Kamis, 28 Mei 2026

Tangkap Mafia Pertalite Subsidi Modus Gunakan Motor Thunder, Diduga Rugikan Negara Dan Masyarakat

Manado, Adhyaksanews. -- --Dugaan praktik penyalahgunaan Bahan Bakar Minyak (BBM) subsidi jenis Pertalite kembali menjadi sorotan publik di Kota Manado. Modus yang digunakan para pelaku dinilai semakin terorganisir, dengan memanfaatkan kendaraan roda dua jenis Suzuki Thunder sebagai kendaraan khusus untuk melakukan pengisian berulang di Stasiun Pengisian Bahan Bakar Umum (SPBU).

Berdasarkan hasil investigasi awak media di lapangan, terlihat sedikitnya tiga unit sepeda motor jenis Suzuki Thunder diduga melakukan pengisian BBM subsidi secara berulang di SPBU. Setelah melakukan pengisian, kendaraan tersebut kemudian menuju lokasi yang tidak jauh dari area SPBU untuk melakukan penyaringan atau pemindahan BBM dari tangki kendaraan ke galon khusus yang diduga dijadikan tempat penimbunan Pertalite subsidi.

Aktivitas tersebut diduga merupakan bagian dari praktik “langsir” BBM subsidi yang bertujuan mengumpulkan Pertalite dalam jumlah besar untuk kemudian dijual kembali dengan harga lebih tinggi. Praktik seperti ini dinilai merugikan negara karena BBM subsidi sejatinya diperuntukkan bagi masyarakat umum yang membutuhkan, bukan untuk diperjualbelikan kembali demi keuntungan pribadi.

Pantauan di lokasi juga memperlihatkan adanya galon-galon yang diduga telah disiapkan khusus untuk menampung Pertalite hasil penyedotan dari tangki kendaraan. Modus penggunaan sepeda motor jenis tertentu diduga dilakukan karena kapasitas tangki yang lebih besar serta dinilai lebih mudah menghindari pengawasan.

Penyalahgunaan BBM subsidi sendiri memiliki konsekuensi hukum yang serius. Dalam Pasal 55 Undang-Undang Nomor 22 Tahun 2001 tentang Minyak dan Gas Bumi sebagaimana telah diubah dalam Undang-Undang Nomor 6 Tahun 2023 tentang Penetapan Perppu Cipta Kerja, disebutkan bahwa setiap orang yang menyalahgunakan pengangkutan dan/atau niaga BBM yang disubsidi pemerintah dapat dipidana penjara paling lama 6 tahun dan denda paling tinggi Rp60 miliar.

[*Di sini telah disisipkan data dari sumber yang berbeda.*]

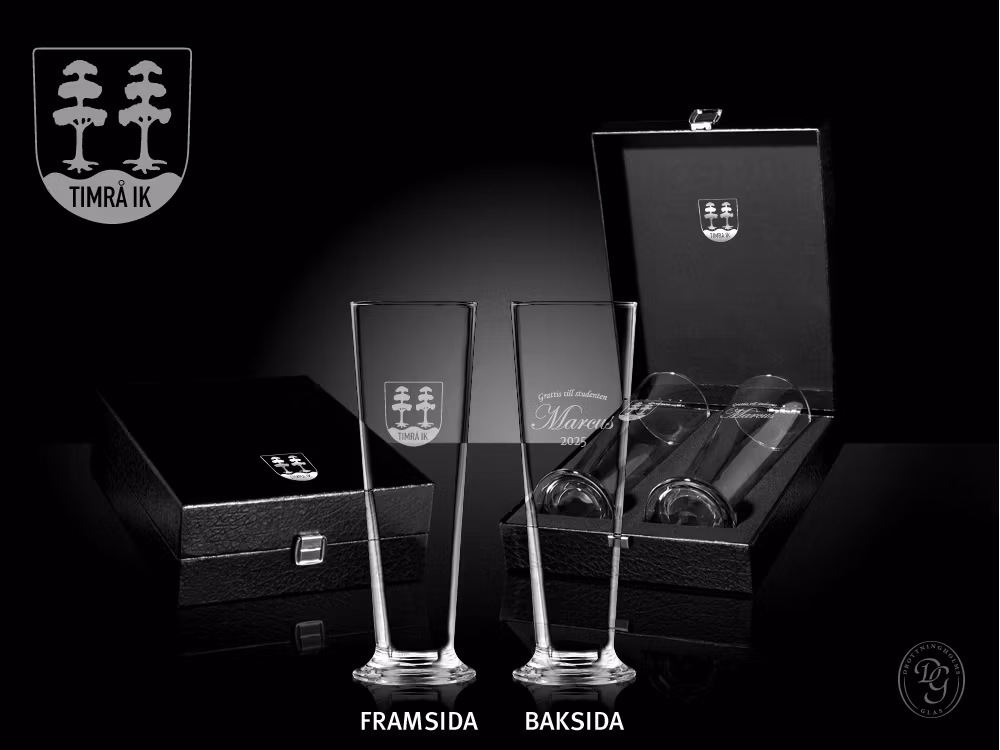 Fira studenten med stil! Lägg till personlig gravyr för en unik studentpresent.Två snygga höga allglas prydda med Timrå IK:s logga – perfekt för att skåla in fr

Selain itu, aturan distribusi BBM subsidi juga diatur dalam Keputusan Menteri Energi dan Sumber Daya Mineral (Kepmen ESDM) Nomor 37.K/HK.02/MEM.M/2022 tentang Jenis Bahan Bakar Minyak Khusus Penugasan. Dalam regulasi tersebut ditegaskan bahwa Pertalite merupakan BBM penugasan yang pendistribusiannya harus tepat sasaran dan tidak boleh disalahgunakan untuk kepentingan penimbunan maupun perdagangan ilegal.

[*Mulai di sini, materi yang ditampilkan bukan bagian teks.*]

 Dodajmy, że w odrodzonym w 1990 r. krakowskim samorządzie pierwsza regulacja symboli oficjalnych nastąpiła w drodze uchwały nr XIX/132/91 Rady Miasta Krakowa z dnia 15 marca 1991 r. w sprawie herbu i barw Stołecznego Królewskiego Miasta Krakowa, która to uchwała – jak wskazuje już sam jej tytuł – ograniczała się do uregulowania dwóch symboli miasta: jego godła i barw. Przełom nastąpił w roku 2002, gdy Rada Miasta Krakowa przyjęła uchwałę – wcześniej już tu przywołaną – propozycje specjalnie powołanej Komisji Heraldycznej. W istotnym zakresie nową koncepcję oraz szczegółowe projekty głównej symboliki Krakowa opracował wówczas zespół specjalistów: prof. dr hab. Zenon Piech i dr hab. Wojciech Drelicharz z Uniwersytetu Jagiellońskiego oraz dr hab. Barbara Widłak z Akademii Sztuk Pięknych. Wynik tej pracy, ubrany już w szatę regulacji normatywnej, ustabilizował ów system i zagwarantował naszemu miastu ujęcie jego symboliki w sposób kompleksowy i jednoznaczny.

Pemerintah melalui PT Pertamina Patra Niaga juga sebelumnya telah mengingatkan bahwa pembelian BBM subsidi menggunakan kendaraan yang dimodifikasi ataupun dilakukan berulang untuk tujuan penimbunan merupakan pelanggaran hukum dan dapat diproses secara pidana.

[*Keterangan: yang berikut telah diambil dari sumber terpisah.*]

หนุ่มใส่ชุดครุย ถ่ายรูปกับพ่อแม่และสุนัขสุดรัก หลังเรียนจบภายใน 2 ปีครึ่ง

Publik pun meminta aparat penegak hukum, termasuk Polresta Manado, Polda Sulawesi Utara dan jajaran terkait segera turun lapangan melakukan penyelidikan terhadap dugaan mafia BBM subsidi tersebut. Publik menilai praktik seperti ini tidak boleh dibiarkan karena berdampak langsung terhadap antrean panjang di SPBU serta menyebabkan masyarakat kecil kesulitan memperoleh BBM subsidi.

Jika terbukti ada praktik penimbunan maupun distribusi ilegal, aparat diminta tidak hanya menindak pelaku lapangan, tetapi juga mengusut kemungkinan adanya jaringan atau oknum yang diduga membekingi aktivitas tersebut.